What is needed: This exercise calls for a copy of every line in the listing below that carries the word "Bucks".

Data shown:

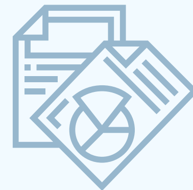
REPORTS & PUBLICATIONS
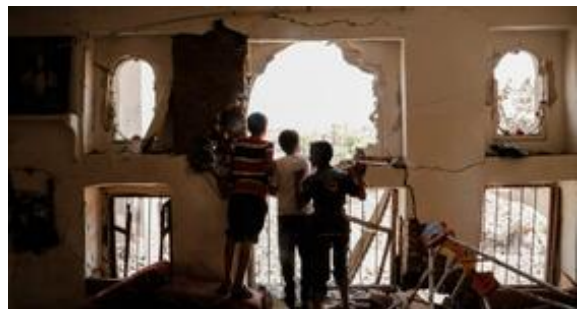
GPC PoC Advocacy Note - May 2023
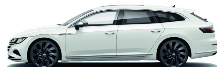
Oryx White Pearl Effect** 1
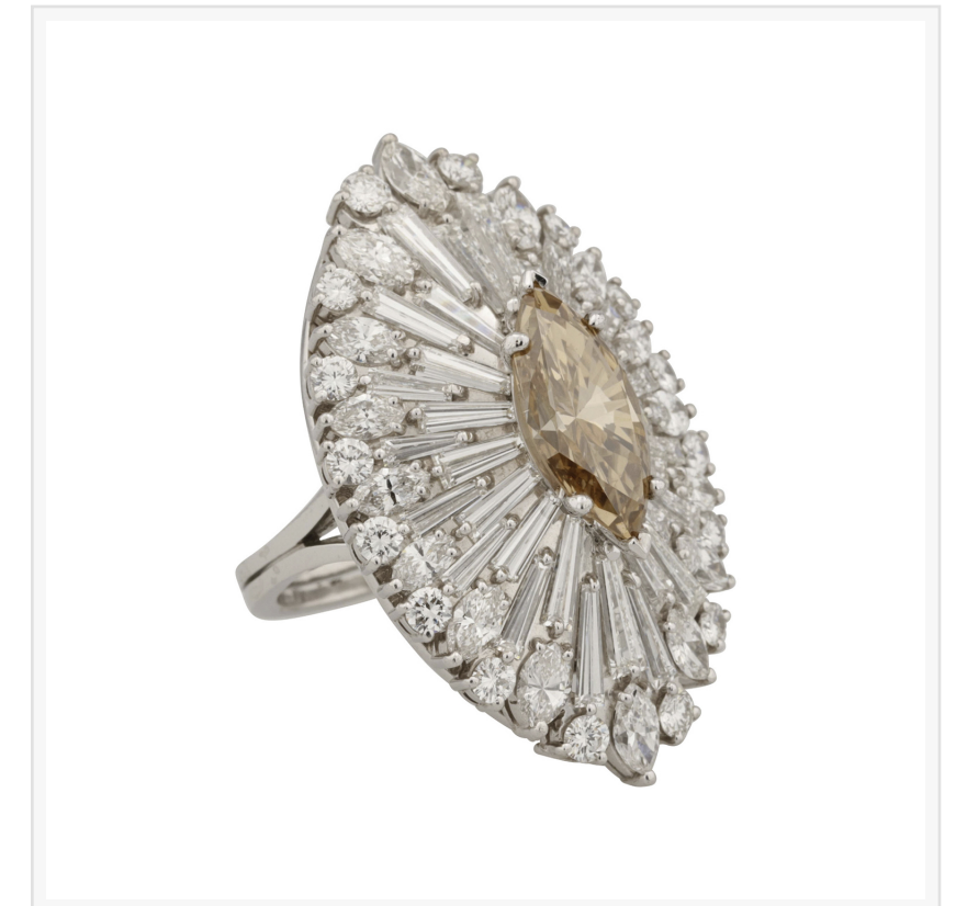
Platinum 15.45 carat diamond cocktail ring with a claw-set marquise-shaped cut diamond, fancy yellowish brown, weighing 4.32 carats (CA$29,500).

A circa 2013 Cartier Tank Américaine lady's watch with an elongated, 27mm, 18kt white gold case curvier than the original model, to which diamonds were added to create a more impressive presence, rang up $10,620. Also, a Cartier 750kt rose and white gold lady's hand-assembled bangle bracelet with a fold-over clasp and bright polish finish, modified to include cross-intersecting bands of diamonds set in white gold, hammered for $10,030.
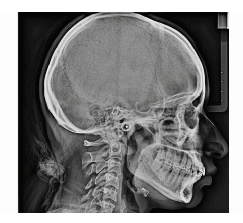
Fig 2: Pre Treatment Radiographs
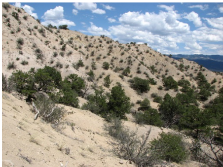
Habitat of Eriogonum brandegeei
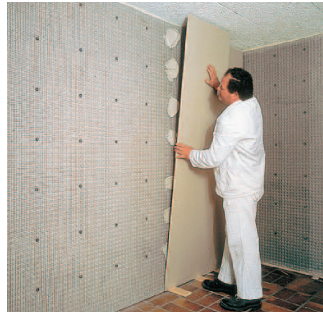
DELTA®-PT forms a waterproof, reliable support for plaster and render coats or plasterboard panels.
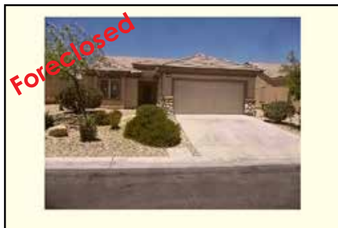
Ref #1358881 • 2 Bedrooms • 1 Den • 2 Baths 1570 Sq. Ft. • Year: 2004 • Lot Size: 6534 Sq. Ft. Covered Patio • Sun City • $255,300
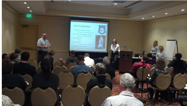
The Bucks County CIT Task Force presenting "CIT Launchpad" in Orlando, Florida.

Funded by the Department of Justice, the aim of the conference was to enhance knowledge, skills and attitudes of providers who serve those with disabilities that are victims of crime, abuse and/or neglect. The CIT team was awarded one of the limited numbers of multidisciplinary Community Team Scholarships to present at the conference. On Wednesday, December 14, 2011, the CIT Task Force team presented " CIT THE LAUNCHPAD ". The team discussed how Bucks County implemented a Crisis Intervention
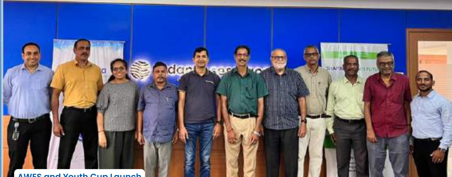
AWES and Youth Cup Launch

Sesa Goa collaborates with 'AWES' to Boost Veterans & Youth Football
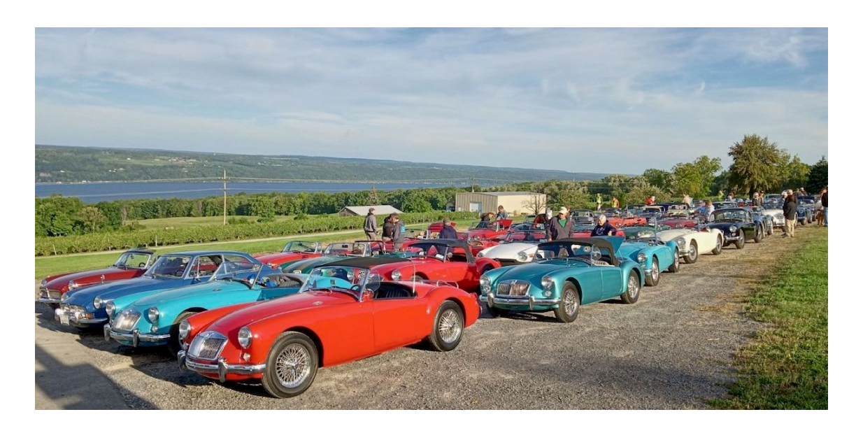
MGs by the Lake
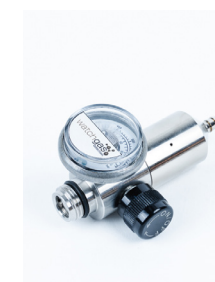
Fixed flow Regulator stainless Steel 715 0.5LPM PN: A0299024 Fixed flow Regulator 715 0.5LPM (Brass) PN: A0195339
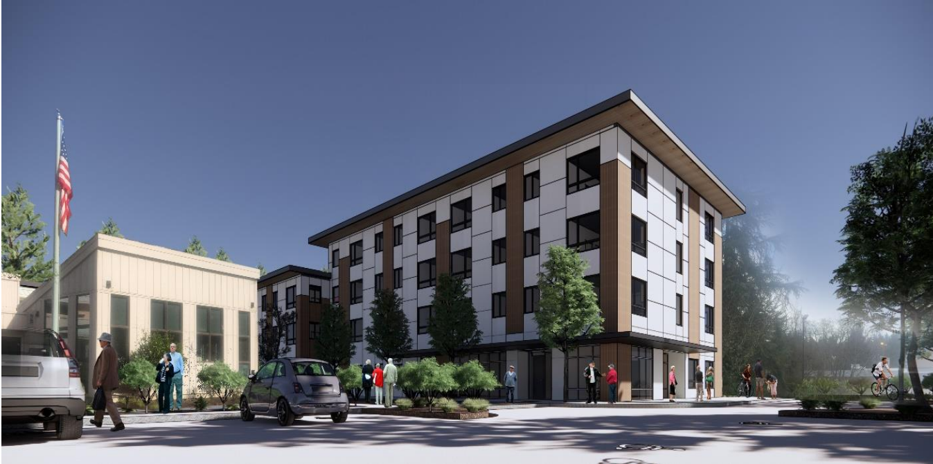
58 units in Tigard
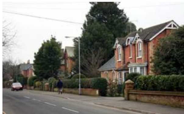
Figure 69: Victorian Suburban Villas, The Avenue

Late 19 th and early 20 th century industrial Buildings: Number 1 Station Terrace (Figure 72); Perry Court, New Borough Road
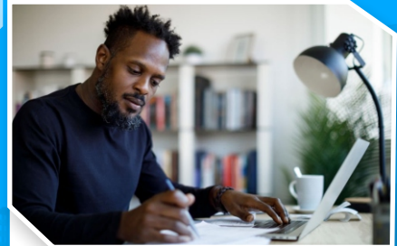
Outdoor office space
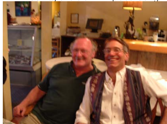
Friends for 50 years!!! Top that!!!!
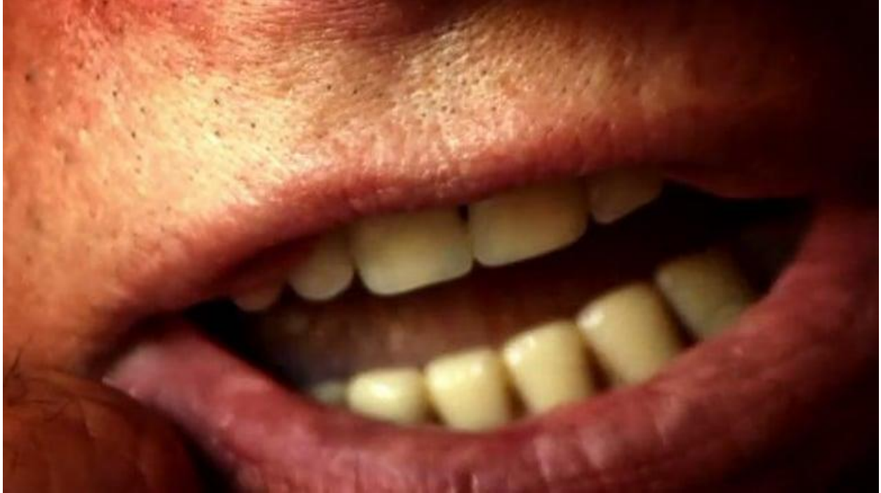
Figure 17: Close up of Otilia Carillo's mouth. La muerte de Pinochet (2015)

The persistence of the past is not only audible in the voices of the testimonies but also visible on the skin, the mouths, in the eyes and generally the bodies of the characters. The film opens with a set of independent images image: of feet in sandals with a piece of green crepe paper, of formal shoes on an ornate rug, of a hand on an arm rest, of lips and another hand on an arm rest but this time next to a radio. The images do not form the totality of a single person but rather gives the spectator a glimpse into different people to whom the appendages belong. The feet in sandals are distinctly female while the formal shoes appear to belong to a male person and so does the first hand on the arm rest. An extreme close up of skin covers the entire screen, followed by an extreme close up of lips. An assumption could be made that these body parts belong to one person, but one doubts their shared body as the context in the shots that follow display differing rooms with possibly different bodies. In the next shot, there is a hand on an arm rest next to a radio. At first it is unclear if this is the same hand as the first one and it is
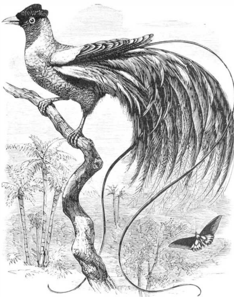
RED BIRD OF PARADISE.
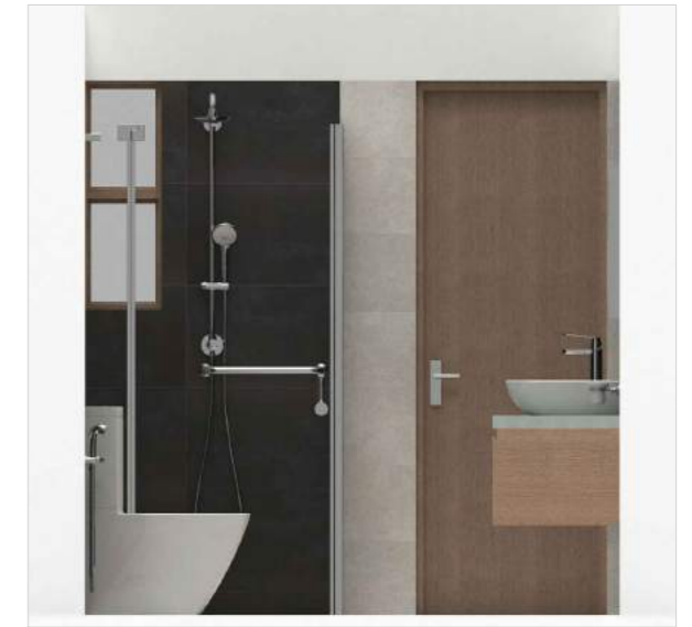
ELEVATION - D
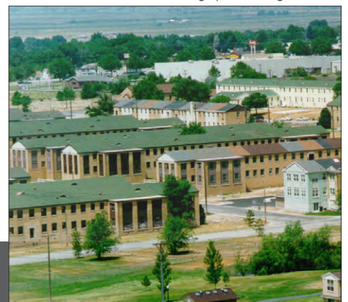
Photograph - Existing Conditions
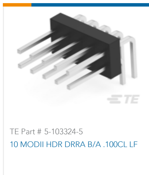
TE Part # 5-103324-5 10 MODII HDR DRRR B/A .100CL LF
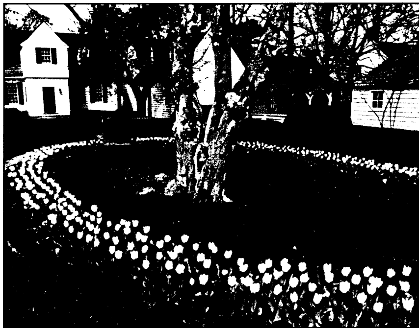
The Orlando Jones garden in Colonial Williamsburg.

Certainly, the theme chosen for the Twelfth Annual Meeting of the Southern Garden History Society belongs to the members of the Colonial Williamsburg Foundation who are intimately involved with its restoration. For the better part of this century,
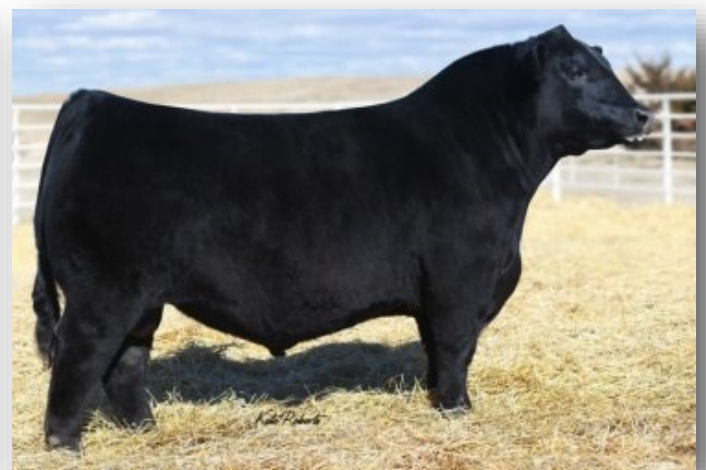
KR Quality 8525 (19219149) sire to FAR Quality 2098 (20477691)

One of a kind in terms of structure, sheer mass, dimension & depth of body. CED 10 BW -1.3 WW 64 YW 117 M 28
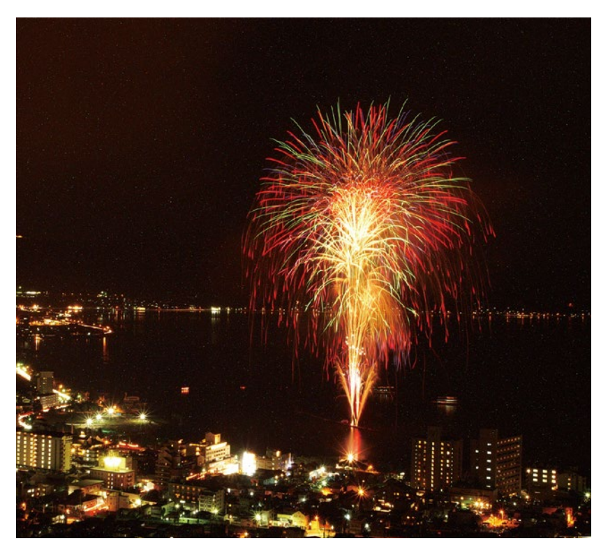
During summer, Suwa City puts on magical fireworks displays over Lake Suwa. Lights reflect off the water and fire flowers bloom over the lake. Some 800 fireworks are set off every day in August, with the grandest display, featuring 40,000 fireworks, held on the 15th.

Exercise output:
The Bucks County CIT Task Force presenting "CIT Launchpad" in Orlando, Florida.
Funded by the Department of Justice, the aim of the conference was to enhance knowledge, skills and attitudes of providers who serve those with disabilities that are victims of crime, abuse and/or neglect. The CIT team was awarded one of the limited numbers of multidisciplinary Community Team Scholarships to present at the conference. On Wednesday, December 14, 2011, the CIT Task Force team presented " CIT THE LAUNCHPAD ". The team discussed how Bucks County implemented a Crisis Intervention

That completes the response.